Photo by L. Chandler
As more products become available, making the switch to veganism or vegetarianism has never been easier. These diets have proven to have positive effects on the environment as according to peta.org. On average, 11 times as much fossil fuel is used in producing a single calorie of animal protein than is used in producing a single calorie of grain protein. Space, water and gas emissions are all decreased as more people make the switch.

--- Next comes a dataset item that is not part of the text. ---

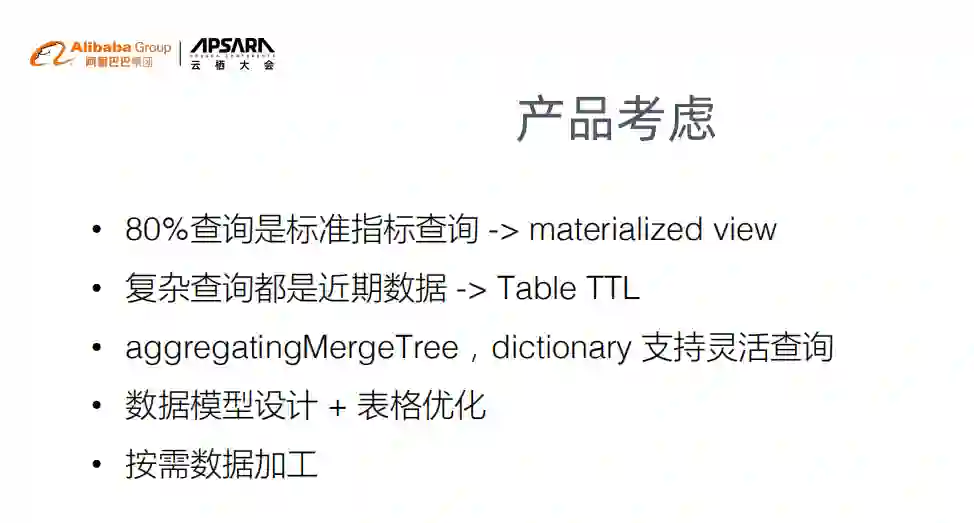 按需数据加工:因为ClickHouse压缩数据比例非常高,可以把它放到底层。当在复杂的查询情况下,按客户的需求,进行复杂的查询;然后再把一些数据从某一些数据库挪到其他任何的数据库中,从而加工出来一个单独的表格,之后把这个表格,落到客户的odps上。我们能否通过这种方式来更好的服务我们的用户,而不像传统的方案那样,需要维护一个很大的集群用来支持所有的查询或者计算;能否严格按照用户需要调动任务,从而调动此任务所产出的数据,就可以直接把结果数据分享给客户,这份数据可以通过下面table的TTL ,几天后可以把这些数据删除,从而减少整个查询所消耗的集群成本。

One common switch to the plant-based lifestyle is from dairy to alternative products such as almond milk, soy milk and oat milk. The dairy industry is known for consuming large amounts of water and producing copious amounts of greenhouse gasses. Plant-based milk and dairy products, however, require less water to maintain, take up less space and produce fewer greenhouse gasses. According to foodnavigator-usa.com, since its rise in popularity in the early 2000s, especially in 2011 when sales increased by 79%, almond milk has been paving the way towards less dairy consumption and aiding in the popularity of a more plant-based diet. More recently, alternatives to almond milk, such as oat and rice milk, have been popping up on grocery store shelves.
Marlee Allen (9) prefers almond milk over dairy and switched for a healthier lifestyle.
“I switched to plant alternatives because I realized it is probably a lot healthier than what I’ve been eating and drinking,” Allen said.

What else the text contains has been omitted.